Mauboy also opened up about her big decision to part ways with her long-time management last year. “I’d fallen into a space of manipulation,” she said. “Although [the music industry] looks very pretty, it can be a scary environment. I felt quite trapped. In 2020 I took that leap and took back my confidence and my power. I owe music so much. It’s given me the ability to know my power and know my strength.”
Next, Grace Tame, 2021 Australian of the Year, took to the stage to thunderous applause. Groomed and abused as a teenager, Grace was silenced by Tasmania’s state gag laws which prevented sexual assault survivors from being identified in the media, but Grace fought to overturn that legislation. “I’m a representative of a community of survivors who have been stigmatised for far too long and I’m just proud to be a part of that community,” she said. “I like to think of myself as a little domino and I encourage people to think of themselves in the same way. People are sometimes deterred from action or doubt the value of their contribution. But I like to think of it as a domino, and the catalytic potential of that domino, because there’s a whole set of dominos waiting to be pushed over. Just be that one domino. Your tiny little contribution has enormous catalytic potential.”
Tame also emphasised the importance of survivors of sexual assault telling their stories on their own terms. “Survivors have unique insights that are born from lived experiences - we need those lived experience stories to inform structural change. It’s all well and good to have conversations, but unless we change things at the institutional level, cultures - corrupt cultures - will continue.”

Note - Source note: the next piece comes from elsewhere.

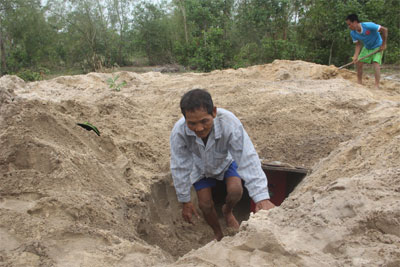Người dân ven biển Quảng Trị đào hầm làm nơi trú tránh bão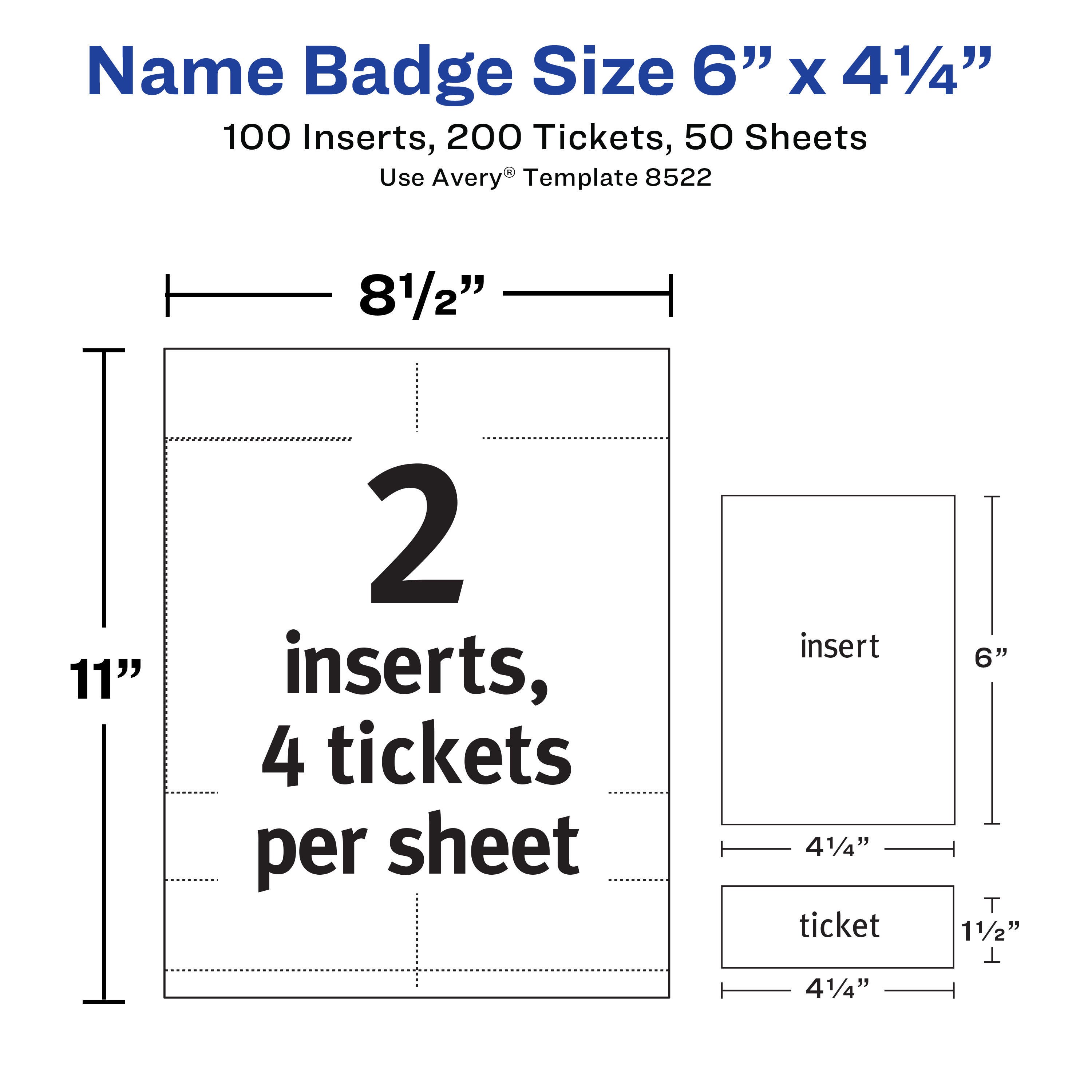 Avery Vertical Name Badge & Ticket Inserts -- Insert Refills, f/Vertical Name Badges, 4-1/2"x6", 100/BX

Politician Tanya Plibersek, Australia’s longest-serving female Parliamentarian and the Federal Member for Sydney, echoed Tame’s calls for structural change. “It’s not women’s responsibility to change culture, but having more women in an organisation changes culture, almost inevitably,” she said. Plibersek noted that in 2017, as the world said #MeToo, she discovered that Australian Parliament didn’t even have a policy in place for sexual harassment. “I’m sick of women being told the reasons they don’t have an equal say in this country,” she declared, but she hopes that up-and-coming female leaders won’t shy away from politics. “I meet brilliant and inspiring young women every day – I want them to find their voice and find their place.”
Next, Bruna Papandrea, producer of Big Little Lies, The Undoing and The Dry, took to the stage and welled up with emotion. “This is why I put women at the front of my stories,” she said, gesturing to her fellow speakers. The Hollywood powerhouse has made it her mission to tell women’s “complicated” stories, and has championed them behind the scenes, too. And having recently returned to Australia to shoot Nine Perfect Strangers, she’s wondering if equality might be more attainable than we think. “Australia’s political and public response to COVID-19 proved that action can happen – and fast! Apply that to gender parity,” she implored. “We can do it.”
Finally, investigative journalist and author Jess Hill spoke about her decision to write See What You Made Me Do, which won the Stella Prize in 2020. “There had not been a book about domestic violence in this country, and this is an issue that affects millions of people. I thought if not me, who?”
It was a theme that threaded the five different speakers’ stories together: we all have the power to bring about change. Raise your voice, speak your truth and don’t stop fighting. In the words of Tame: “You can be the instigator of a revolution, too.”
And what better day to start than on International Women’s Day?